Content starts

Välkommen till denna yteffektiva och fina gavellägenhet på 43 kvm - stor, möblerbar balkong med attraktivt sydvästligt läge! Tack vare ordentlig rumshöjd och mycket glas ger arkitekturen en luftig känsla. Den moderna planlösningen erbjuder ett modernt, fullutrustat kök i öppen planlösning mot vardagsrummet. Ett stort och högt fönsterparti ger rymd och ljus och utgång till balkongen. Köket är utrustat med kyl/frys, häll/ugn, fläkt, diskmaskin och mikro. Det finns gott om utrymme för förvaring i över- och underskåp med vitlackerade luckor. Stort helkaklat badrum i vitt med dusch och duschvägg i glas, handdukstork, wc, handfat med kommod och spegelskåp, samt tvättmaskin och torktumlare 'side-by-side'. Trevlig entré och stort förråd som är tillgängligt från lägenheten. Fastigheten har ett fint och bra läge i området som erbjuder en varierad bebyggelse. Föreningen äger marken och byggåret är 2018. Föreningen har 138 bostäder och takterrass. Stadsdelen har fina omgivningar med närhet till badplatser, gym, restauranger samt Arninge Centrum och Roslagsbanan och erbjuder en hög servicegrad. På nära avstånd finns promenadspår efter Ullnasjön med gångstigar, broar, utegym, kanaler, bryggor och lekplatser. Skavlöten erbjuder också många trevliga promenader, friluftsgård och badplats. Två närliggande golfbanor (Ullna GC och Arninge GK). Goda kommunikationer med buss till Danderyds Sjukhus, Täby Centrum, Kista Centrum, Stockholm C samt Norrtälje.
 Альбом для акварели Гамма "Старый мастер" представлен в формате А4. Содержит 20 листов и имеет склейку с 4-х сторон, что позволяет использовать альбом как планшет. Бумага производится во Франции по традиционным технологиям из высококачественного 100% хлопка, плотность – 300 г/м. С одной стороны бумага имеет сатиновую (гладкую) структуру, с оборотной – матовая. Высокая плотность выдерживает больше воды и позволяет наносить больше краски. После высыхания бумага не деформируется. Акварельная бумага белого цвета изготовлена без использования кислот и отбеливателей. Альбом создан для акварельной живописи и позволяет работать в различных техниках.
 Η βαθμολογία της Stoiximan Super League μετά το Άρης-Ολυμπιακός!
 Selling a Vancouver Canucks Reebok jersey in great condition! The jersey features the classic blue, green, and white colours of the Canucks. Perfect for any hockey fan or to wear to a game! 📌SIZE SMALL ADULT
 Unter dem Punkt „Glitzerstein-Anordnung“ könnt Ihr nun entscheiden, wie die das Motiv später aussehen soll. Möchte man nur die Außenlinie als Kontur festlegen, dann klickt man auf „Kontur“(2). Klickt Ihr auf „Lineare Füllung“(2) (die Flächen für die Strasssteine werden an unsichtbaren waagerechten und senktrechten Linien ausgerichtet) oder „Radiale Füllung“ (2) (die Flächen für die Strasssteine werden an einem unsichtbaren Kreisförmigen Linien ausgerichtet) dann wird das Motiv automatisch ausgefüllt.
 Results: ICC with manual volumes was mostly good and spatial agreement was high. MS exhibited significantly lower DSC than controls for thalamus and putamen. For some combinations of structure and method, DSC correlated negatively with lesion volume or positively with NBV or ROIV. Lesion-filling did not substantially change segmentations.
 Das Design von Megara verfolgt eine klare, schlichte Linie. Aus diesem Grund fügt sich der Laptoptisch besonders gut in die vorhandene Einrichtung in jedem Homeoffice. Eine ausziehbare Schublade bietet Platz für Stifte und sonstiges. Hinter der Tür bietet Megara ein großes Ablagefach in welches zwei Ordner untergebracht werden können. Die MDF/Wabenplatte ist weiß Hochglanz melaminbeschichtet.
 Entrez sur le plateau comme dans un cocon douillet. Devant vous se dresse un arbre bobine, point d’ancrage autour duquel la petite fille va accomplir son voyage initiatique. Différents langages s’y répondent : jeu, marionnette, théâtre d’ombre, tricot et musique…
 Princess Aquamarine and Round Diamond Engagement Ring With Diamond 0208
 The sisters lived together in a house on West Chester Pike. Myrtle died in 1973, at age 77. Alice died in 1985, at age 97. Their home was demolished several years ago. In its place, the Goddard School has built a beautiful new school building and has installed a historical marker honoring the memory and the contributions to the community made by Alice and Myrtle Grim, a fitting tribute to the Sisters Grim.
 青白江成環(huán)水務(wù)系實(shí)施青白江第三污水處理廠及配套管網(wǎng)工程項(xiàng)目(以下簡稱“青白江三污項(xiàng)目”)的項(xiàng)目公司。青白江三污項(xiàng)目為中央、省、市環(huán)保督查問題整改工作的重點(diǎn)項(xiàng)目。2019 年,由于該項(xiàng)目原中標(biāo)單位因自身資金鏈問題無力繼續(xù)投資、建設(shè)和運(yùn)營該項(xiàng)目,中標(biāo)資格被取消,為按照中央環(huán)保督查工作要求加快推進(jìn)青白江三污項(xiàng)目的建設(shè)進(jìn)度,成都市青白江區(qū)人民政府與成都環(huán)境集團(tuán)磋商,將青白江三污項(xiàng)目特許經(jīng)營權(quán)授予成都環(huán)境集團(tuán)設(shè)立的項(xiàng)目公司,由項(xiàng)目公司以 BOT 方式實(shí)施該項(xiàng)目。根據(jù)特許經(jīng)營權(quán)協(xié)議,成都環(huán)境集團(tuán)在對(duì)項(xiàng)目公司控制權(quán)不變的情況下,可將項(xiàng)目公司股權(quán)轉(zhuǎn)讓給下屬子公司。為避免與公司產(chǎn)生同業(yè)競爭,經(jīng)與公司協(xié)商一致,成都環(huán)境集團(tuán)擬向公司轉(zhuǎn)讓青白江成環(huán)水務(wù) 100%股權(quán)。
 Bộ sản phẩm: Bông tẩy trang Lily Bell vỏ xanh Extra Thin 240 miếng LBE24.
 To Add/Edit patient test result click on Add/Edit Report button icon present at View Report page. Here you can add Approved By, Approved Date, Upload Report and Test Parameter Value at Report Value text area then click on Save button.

Content ends

**Exercise requirements:** A complete, exact copy of the material is required.

**Solution:**
Välkommen till denna yteffektiva och fina gavellägenhet på 43 kvm - stor, möblerbar balkong med attraktivt sydvästligt läge! Tack vare ordentlig rumshöjd och mycket glas ger arkitekturen en luftig känsla. Den moderna planlösningen erbjuder ett modernt, fullutrustat kök i öppen planlösning mot vardagsrummet. Ett stort och högt fönsterparti ger rymd och ljus och utgång till balkongen. Köket är utrustat med kyl/frys, häll/ugn, fläkt, diskmaskin och mikro. Det finns gott om utrymme för förvaring i över- och underskåp med vitlackerade luckor. Stort helkaklat badrum i vitt med dusch och duschvägg i glas, handdukstork, wc, handfat med kommod och spegelskåp, samt tvättmaskin och torktumlare 'side-by-side'. Trevlig entré och stort förråd som är tillgängligt från lägenheten. Fastigheten har ett fint och bra läge i området som erbjuder en varierad bebyggelse. Föreningen äger marken och byggåret är 2018. Föreningen har 138 bostäder och takterrass. Stadsdelen har fina omgivningar med närhet till badplatser, gym, restauranger samt Arninge Centrum och Roslagsbanan och erbjuder en hög servicegrad. På nära avstånd finns promenadspår efter Ullnasjön med gångstigar, broar, utegym, kanaler, bryggor och lekplatser. Skavlöten erbjuder också många trevliga promenader, friluftsgård och badplats. Två närliggande golfbanor (Ullna GC och Arninge GK). Goda kommunikationer med buss till Danderyds Sjukhus, Täby Centrum, Kista Centrum, Stockholm C samt Norrtälje.
 Альбом для акварели Гамма "Старый мастер" представлен в формате А4. Содержит 20 листов и имеет склейку с 4-х сторон, что позволяет использовать альбом как планшет. Бумага производится во Франции по традиционным технологиям из высококачественного 100% хлопка, плотность – 300 г/м. С одной стороны бумага имеет сатиновую (гладкую) структуру, с оборотной – матовая. Высокая плотность выдерживает больше воды и позволяет наносить больше краски. После высыхания бумага не деформируется. Акварельная бумага белого цвета изготовлена без использования кислот и отбеливателей. Альбом создан для акварельной живописи и позволяет работать в различных техниках.
 Η βαθμολογία της Stoiximan Super League μετά το Άρης-Ολυμπιακός!
 Selling a Vancouver Canucks Reebok jersey in great condition! The jersey features the classic blue, green, and white colours of the Canucks. Perfect for any hockey fan or to wear to a game! 📌SIZE SMALL ADULT
 Unter dem Punkt „Glitzerstein-Anordnung“ könnt Ihr nun entscheiden, wie die das Motiv später aussehen soll. Möchte man nur die Außenlinie als Kontur festlegen, dann klickt man auf „Kontur“(2). Klickt Ihr auf „Lineare Füllung“(2) (die Flächen für die Strasssteine werden an unsichtbaren waagerechten und senktrechten Linien ausgerichtet) oder „Radiale Füllung“ (2) (die Flächen für die Strasssteine werden an einem unsichtbaren Kreisförmigen Linien ausgerichtet) dann wird das Motiv automatisch ausgefüllt.
 Results: ICC with manual volumes was mostly good and spatial agreement was high. MS exhibited significantly lower DSC than controls for thalamus and putamen. For some combinations of structure and method, DSC correlated negatively with lesion volume or positively with NBV or ROIV. Lesion-filling did not substantially change segmentations.
 Das Design von Megara verfolgt eine klare, schlichte Linie. Aus diesem Grund fügt sich der Laptoptisch besonders gut in die vorhandene Einrichtung in jedem Homeoffice. Eine ausziehbare Schublade bietet Platz für Stifte und sonstiges. Hinter der Tür bietet Megara ein großes Ablagefach in welches zwei Ordner untergebracht werden können. Die MDF/Wabenplatte ist weiß Hochglanz melaminbeschichtet.
 Entrez sur le plateau comme dans un cocon douillet. Devant vous se dresse un arbre bobine, point d’ancrage autour duquel la petite fille va accomplir son voyage initiatique. Différents langages s’y répondent : jeu, marionnette, théâtre d’ombre, tricot et musique…
 Princess Aquamarine and Round Diamond Engagement Ring With Diamond 0208
 The sisters lived together in a house on West Chester Pike. Myrtle died in 1973, at age 77. Alice died in 1985, at age 97. Their home was demolished several years ago. In its place, the Goddard School has built a beautiful new school building and has installed a historical marker honoring the memory and the contributions to the community made by Alice and Myrtle Grim, a fitting tribute to the Sisters Grim.
 青白江成環(huán)水務(wù)系實(shí)施青白江第三污水處理廠及配套管網(wǎng)工程項(xiàng)目(以下簡稱“青白江三污項(xiàng)目”)的項(xiàng)目公司。青白江三污項(xiàng)目為中央、省、市環(huán)保督查問題整改工作的重點(diǎn)項(xiàng)目。2019 年,由于該項(xiàng)目原中標(biāo)單位因自身資金鏈問題無力繼續(xù)投資、建設(shè)和運(yùn)營該項(xiàng)目,中標(biāo)資格被取消,為按照中央環(huán)保督查工作要求加快推進(jìn)青白江三污項(xiàng)目的建設(shè)進(jìn)度,成都市青白江區(qū)人民政府與成都環(huán)境集團(tuán)磋商,將青白江三污項(xiàng)目特許經(jīng)營權(quán)授予成都環(huán)境集團(tuán)設(shè)立的項(xiàng)目公司,由項(xiàng)目公司以 BOT 方式實(shí)施該項(xiàng)目。根據(jù)特許經(jīng)營權(quán)協(xié)議,成都環(huán)境集團(tuán)在對(duì)項(xiàng)目公司控制權(quán)不變的情況下,可將項(xiàng)目公司股權(quán)轉(zhuǎn)讓給下屬子公司。為避免與公司產(chǎn)生同業(yè)競爭,經(jīng)與公司協(xié)商一致,成都環(huán)境集團(tuán)擬向公司轉(zhuǎn)讓青白江成環(huán)水務(wù) 100%股權(quán)。
 Bộ sản phẩm: Bông tẩy trang Lily Bell vỏ xanh Extra Thin 240 miếng LBE24.
 To Add/Edit patient test result click on Add/Edit Report button icon present at View Report page. Here you can add Approved By, Approved Date, Upload Report and Test Parameter Value at Report Value text area then click on Save button.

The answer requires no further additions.